Macros for data cleaning
Students often ask me, “What can I do with a degree in Political Science?” There are many things, of course, but one of the best ways to give students ideas about what they might do with a Political Science degree is to let them know what former students are currently doing.
So I’m compiling a list of my former students, for the purpose of being able to look them up on LinkedIn and see their career paths.
To compile that list, I have to access a database that contains that information. My access level only allows me to see one class at a time, and the information isn’t in CSV format. The data is in a format that’s easy enough to copy and paste into a spreadsheet, but then it needs to be cleaned.
Here’s a sample row of what the data looks like when I paste it into Google Sheets:
Sometimes columns G and H contain data; sometimes they don’t.
Here’s what I want the data to look like:
The goal is to end up with a workbook containing one sheet for each class. Later I can combine the sheets into a master list and remove the duplicates, so I’ll know whom to look for on LinkedIn.
The cleaning process isn’t especially difficult. Only four basic steps are necessary:
- Delete unnecessary columns
- Split the column containing student names into two columns
- Copy and paste the values of those two columns into two new columns, then delete the originals
- Add the header row
That isn’t difficult at all. It’s tedious, though, and it takes a bit of time. I’ve taught five to seven courses per year for many years; automating the data cleaning process as much as possible using macros is a huge time saver.
Fortunately, recording and using macros in Google Sheets is very easy, and those macros can be assigned hot keys. As I started this project, I pretty quickly got macros set up for the four steps above — but I was triggering them individually.
Then it occurred to me that combining the macros would save even more time. Figuring out how to do that took a little bit of trial and error. I saw quite quickly that I could go into the Apps Script editor for my macros, add a new function that called the function for each of the four macros, then import that new function as a new macro. But when I tried to run the new macro, I didn’t get the expected result.

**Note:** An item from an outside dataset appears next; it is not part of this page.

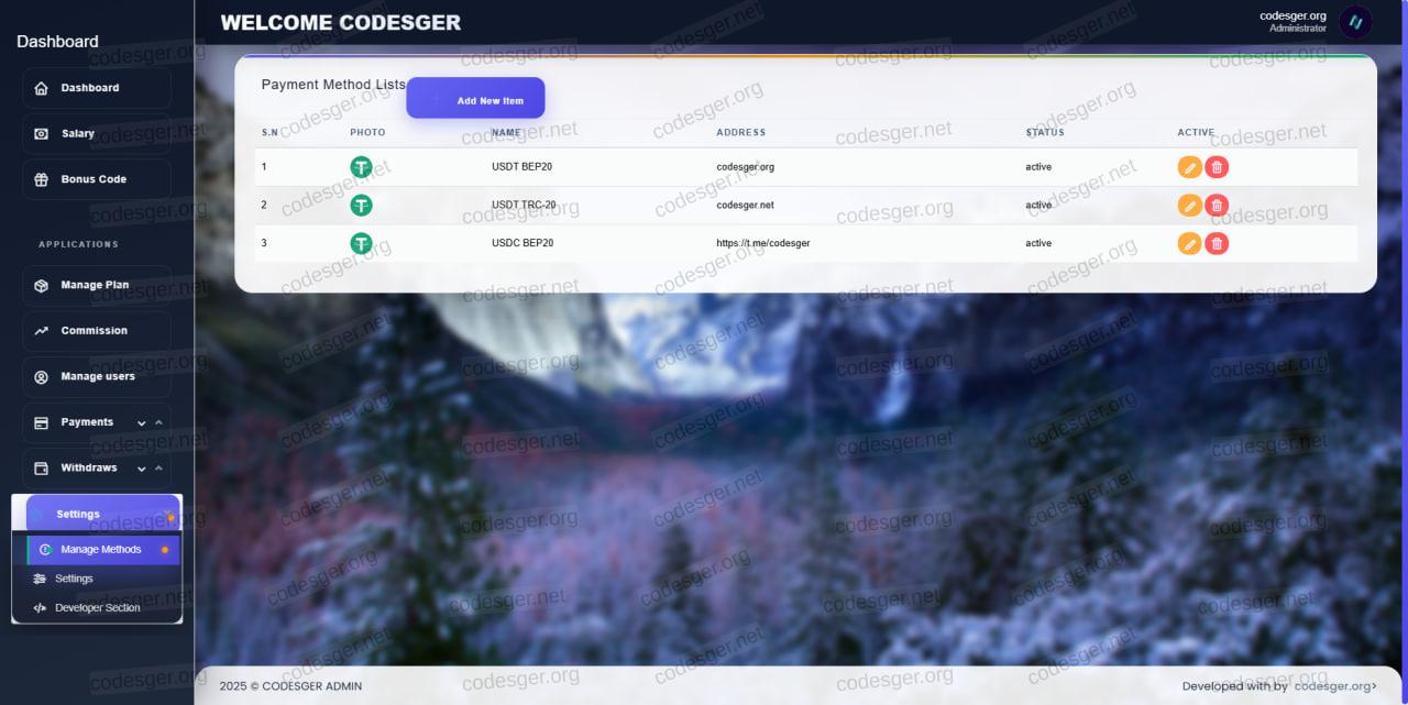 admin panel: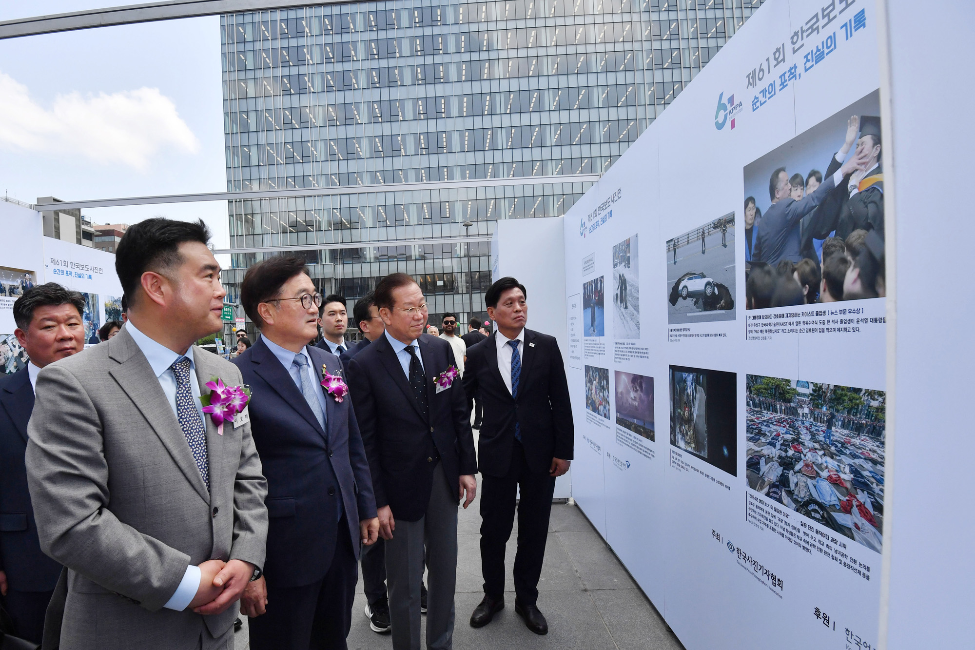 이호재 한국사진기자협회장, 우원식 국회의장, 권영세 국민의힘 비상대책위원장 등 내빈들이 21일 서울 종로구 광화문 광장에서 열린 제61회 한국보도사진전 '순간의 포착, 진실의 기록' 개막식에서 작품을 관람하고 있다. 2025.4.21 사진공동취재단

A little Googling turned up the problem: I needed to add SpreadsheetApp.flush() between the function calls to make sure that each change to the spreadsheet was fully applied before moving on to the next step.
Here’s the code I ended up with in the Apps Script editor:
function DoAllSteps(){
Deletecolumns();
SpreadsheetApp.flush();
SplittextinColumnA();
SpreadsheetApp.flush();
Copyvaluesremovecolumns();
SpreadsheetApp.flush();
Addheader();
}
function SplittextinColumnA() {
var spreadsheet = SpreadsheetApp.getActive();
spreadsheet.getRange('B1').activate();
spreadsheet.getCurrentCell().setFormula('=split(a1,",")');
spreadsheet.getRange('B2').activate();
spreadsheet.getRange('B1').activate();
spreadsheet.getActiveRange().autoFillToNeighbor(SpreadsheetApp.AutoFillSeries.DEFAULT_SERIES);
};
function Copyvaluesremovecolumns() {
var spreadsheet = SpreadsheetApp.getActive();
spreadsheet.getRange('D1').activate();
spreadsheet.getRange('B1:C12').copyTo(spreadsheet.getActiveRange(), SpreadsheetApp.CopyPasteType.PASTE_VALUES, false);
spreadsheet.getRange('A:C').activate();
spreadsheet.setCurrentCell(spreadsheet.getRange('C1'));
spreadsheet.getActiveSheet().deleteColumns(spreadsheet.getActiveRange().getColumn(), spreadsheet.getActiveRange().getNumColumns());
};
function Addheader() {
var spreadsheet = SpreadsheetApp.getActive();
spreadsheet.getRange('1:1').activate();
spreadsheet.getActiveSheet().insertRowsBefore(spreadsheet.getActiveRange().getRow(), 1);
spreadsheet.getActiveRange().offset(0, 0, 1, spreadsheet.getActiveRange().getNumColumns()).activate();
spreadsheet.getActiveSheet().setFrozenRows(1);
spreadsheet.getRange('A1').activate();
spreadsheet.getCurrentCell().setValue('LastName');
spreadsheet.getRange('B1').activate();
spreadsheet.getCurrentCell().setValue('FirstName');
spreadsheet.getRange('C1').activate();
spreadsheet.getCurrentCell().setValue('LinkedIn');
};
function Deletecolumns() {
var spreadsheet = SpreadsheetApp.getActive();
spreadsheet.getActiveSheet().deleteColumns(1);
SpreadsheetApp.flush(); // Added
spreadsheet.getActiveSheet().deleteColumns(2,6);
};
I imported DoAllSteps as a new macro and assigned it a keyboard shortcut. Now all I need to do for each course is copy and paste the information into a tab in my workbook, then type ⌘+Option+Shift+1, and I have good, clean data to work with.